4 thoughts on “How To Think About the War in Ukraine: a Response to Eric Levitz”

  1. This is a moronic discussion. It demonstrates how people obsessed with “moral responsibility” are incapable of comprehending the reality of human behavior.

    This idiot doesn’t remember that Russia had detailed intel on Ukraine’s military plans in February, 2022, not to mention earlier. Zelensky had just come back from the Munich meeting declaring that Ukraine had to acquire nuclear weapons. He went to the line of contact in Donbass. Shortly after the Ukrainian forces – half the Ukrainian army at the time was in Donbass – began massively increased shelling of the civilian areas of Donbass – a clear sign that a new Ukrainian offensive was going to kick off.
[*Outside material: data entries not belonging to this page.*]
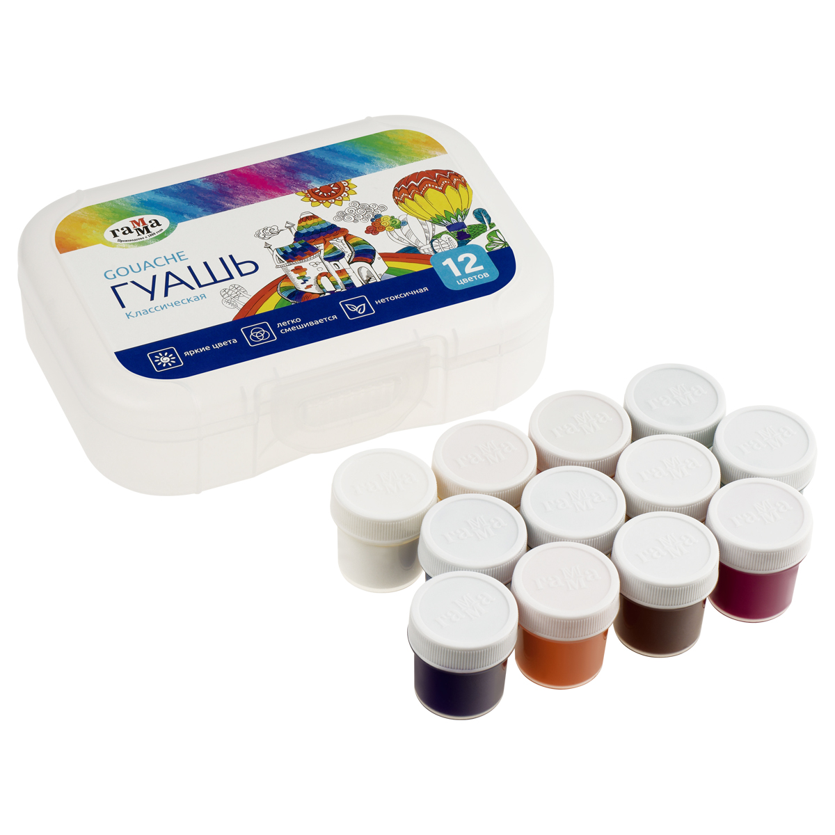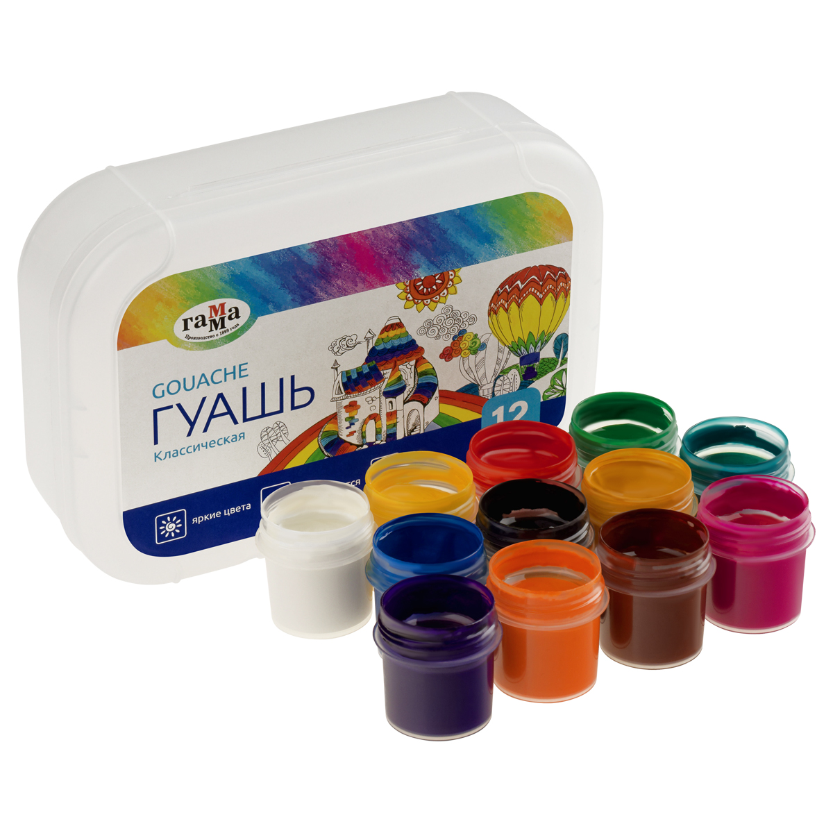 Гуашь 12 цветов, 20мл Гамма «Классическая» , пластиковый бокс 20251103
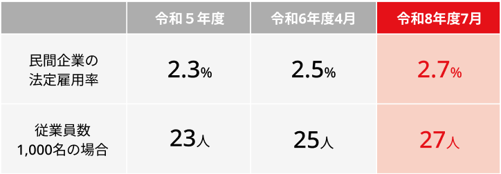 障がい者の雇用は法的に義務付けられているだけでなく、企業の社会的責任(CSR)として多様性のある持続的な社会の実現に向けて積極的に取り組まなければなりません。2024年4月の改正では法定雇用率が2.5%となっており、2026年7月から2.7%に引き上げられます。厚生労働省による法定雇用率の段階的引き上げや除外率の引き下げは、社会的要請の高まりを明確に示しています。
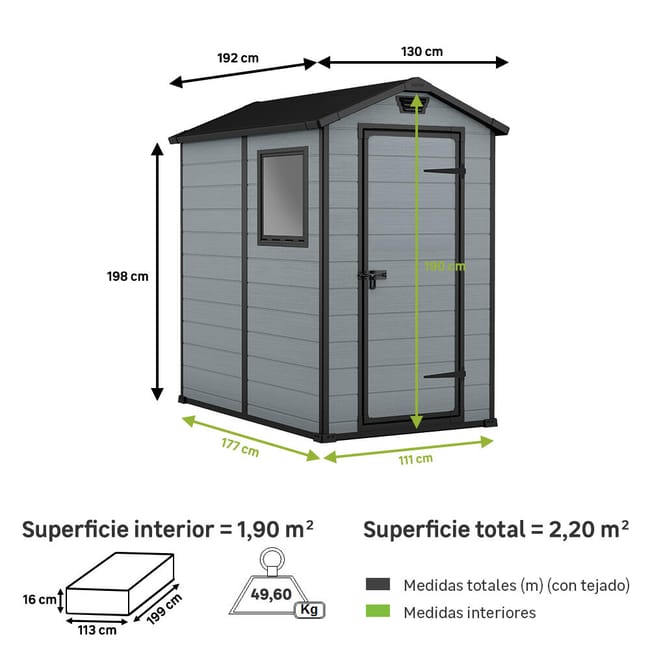 Este cobertizo está diseñado para ofrecer una protección duradera y segura para tus herramientas de jardín. Puede instalarse sobre una losa de hormigón (dimensiones 118 x 185 cm), y se entrega en un paquete compacto de 113 x 16 x 199 cm.
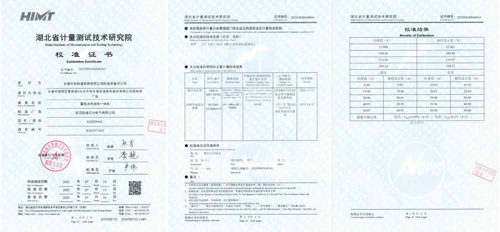 2025年7月16日,湖北省計量測試技術研究院正式簽發(fā)了編號為2025DW008600361的校準證書,完成了對武漢凱迪正大電氣有限公司研制生產(chǎn)的KDZD886C蓄電池充放電一體機的計量校準工作。
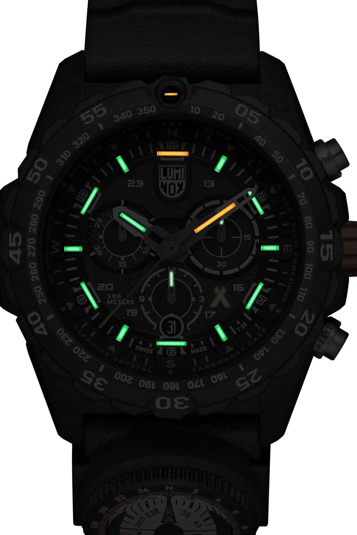 Le logo Luminox toujours présent aux côtés du propre logo de Bear à la position 4 heures remplace l'index de 12 heures. Tout en bas du cadran se trouve une fenêtre de date simpliste pour vous aider à rester sur la bonne voie au quotidien. Le cadran présente un affichage 12 et 24 heures pour répondre aux besoins des deux parties et vous permet de communiquer avec vos collègues compratiats. Au-dessus de l'anneau de chapitre se trouve la séquence de code morse pour SOS, sauvez nos âmes. Cela peut être vu à la position 11 heures en cas de besoin urgent. La palette de couleurs noir et orange revient à la couleur de Luminox et Bear Grylls, Luminox étant bien connu pour ses modèles noirs et le logo de Bear étant orange.
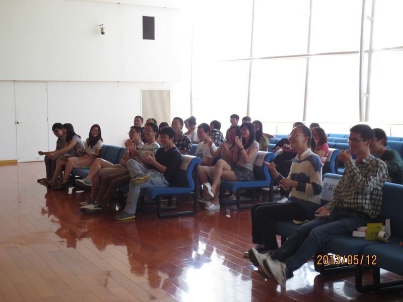 初赛阶段选手报名十分热烈,各院学生积极咨询并参与,对我们的活动给予了大力支持。5月10中午11时,活动工作人员便到现场提前进行布置工作。现场黑板的内容书写,参赛人员的签到及座位安排,并在比赛前进行了规则的介绍。现场答题时,工作人员进行监督并对作答的正确的选手现场分发精美U盘一个。5月12日下午1时,决赛正式展开。在比赛开始前,工作人员提前到现场进行了PPT,音响以及话筒等的调试,座位的安排,道具的摆放以及策划的分发与讲解。作为整场比赛的控制人员,我在开始前再次详细的对工作人员进行了分工以及各项准备工作。而比赛前,发现现场许多选手对于比赛规则并不熟悉,而在活动过程中主持人的讲解没有到位,导致有些选手不懂规则,使得游戏出现瑕疵。并且,由于游戏方式和话筒的限制,“谁是卧底”游戏环节没能在现场起到互动作用,除场上选手外,其他人员没能参与其中,而且给其过程中词语的选择不好,不便于游戏。这是我们前期策划考虑的不够周到。在之后的“你画我猜”以及“两人三足”环节中,现场出现了一系列的高潮,选手激烈的比拼,引得了现场的欢声笑语。在决赛环节中,现场观众出现骚乱,工作人员却没有及时制止,造成了现场的无秩序,并且由于选手并没有做充分的准备工作,决赛的规模性,精彩性没有达到期望的效果。不过,部分选手的激烈竞答仍赢得了现场的欢呼。

    At that time, the Donbass administration asked to join the Russian Federation, which Putin and the Duma granted. The parties then signed an assistance agreement. Putin then declared the SMO under the provisions of the NATO Charter Article 51.

    This means the war was INITIATED BY UKRAINE PURSUANT TO THE US AND NATO INTENTIONS. What the Russian SMO was a “preemptive” attack, not a “preventative” attack as was the US invasion of Iraq in 2003.

    But this whole explanation is irrelevant. In the REAL WORLD – which “peace activists” do not inhabit – nations will take whatever steps they believe they have to to insure their “national interests”. From Russia’s POV there was absolutely no doubt that the US and NATO intended to surround Russia, place strategic weapons on its borders, and eventually conduct a “preventative” war on Russia. So Russia, from its POV, quite correctly from a rational analysis decided to push back in a minimal way by removing the direct threat from Ukraine (and in the process removing Ukraine as a state, most likely.)

    If you don’t want wars – get rid of the state. It’s that simple. Unfortunately it is also impossible because human nature is a conflict-prone phenomena due to its hierarchical primate origins.

    So babbling about “who’s to blame” is juvenile and ignorant.

    1. If you don’t want wars – get rid of the state. It’s that simple.
      Unfortunately it is also impossible because human nature is a
      conflict-prone phenomena due to its hierarchical primate origins.

      Prior to the advent of agriculture, states did not exist.

      In more recent times, examples of stateless societies include: the Ibo tribesmen of Africa, Medieval Iceland, and Medieval Ireland.

      So, stateless societies are possible. Note that societies without a geographic based monopoly on the use of force still had hierarchies, they just didn’t have states.